Sunak suffers poll blow as levelling-up
cash-for-votes row erupts
New poll
gives Labour its biggest lead since Liz Truss meltdown as ‘Tory towns’ gain
most from new funds
Jon
Ungoed-Thomas and Toby Helm
Sat 1 Jun
2024 19.51 BST
The Tory
general election campaign hit more trouble on Saturday as Rishi Sunak faced
accusations of using levelling up funds to win votes and Labour opened its
biggest poll lead since the disastrous premiership of Liz Truss.
As Sunak
tried to fire up his party’s campaign before the first crucial TV debate with
Keir Starmer on Tuesday, it emerged that more than half of the 30 towns each
promised £20m of regeneration funding on Saturday were in constituencies won by
Tory MPs at the last election.
Some 17 of
the £20m pots went to towns in areas won by the Conservatives in 2019, although
two of those were no longer held by Conservative MPs when the general election
was called.
Just eight
awards were made to towns in Labour seats, although many of the party’s
strongholds tend to be in more deprived areas in need of levelling up money.
The funding
pledge led to accusations from Sunak’s opponents of “pork barrel” politics,
while those involved in regeneration of the north said the announcement was
more about winning votes than levelling up.
The row
came as the latest Opinium poll for the Observer on Sunday gives Labour a
20-point lead – the highest level it has recorded since Truss was briefly
running the country.
This is
despite Labour having endured a torrid week on the election trail and days of
infighting over whether veteran Diane Abbott should be allowed to stand again.
Labour is
on 45% – up four points on last weekend, while the Conservatives are down two
points on 25%. Reform is up on one on 11%, the Lib Dems down two on 8%, and the
Greens down one on 6%.
The poll
also showed more people (45%) thought the Tories’ big announcement last weekend
– the reintroduction of a form of mandatory national service for 18-year-olds –
was a bad idea than thought it was a good one (35%).
Some 28%
said their opinion of Sunak had become more negative since the start of the
campaign, against 18% who said it had become more positive.

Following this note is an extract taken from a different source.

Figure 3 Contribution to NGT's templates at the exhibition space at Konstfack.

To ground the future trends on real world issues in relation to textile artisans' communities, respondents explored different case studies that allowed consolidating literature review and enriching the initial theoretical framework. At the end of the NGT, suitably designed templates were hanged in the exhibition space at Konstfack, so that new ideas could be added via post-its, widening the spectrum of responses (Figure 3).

By contrast 28%
said their view of Starmer had become more positive against 18% who said it was
now more negative.
Henri
Murison, chief executive of the Northern Powerhouse Partnership, an independent
body representing business and civic leaders in the north of England,
criticised the regeneration announcement. “This is nothing to do with raising
prosperity. This is only about trying to win a few votes at election time,” he
said.
Murison
added that a separate announcement last weekend by the government to abolish
the UK shared prosperity fund, which replaced EU structural funds, to help fund
the national service scheme, had in reality been the last “nail in the coffin”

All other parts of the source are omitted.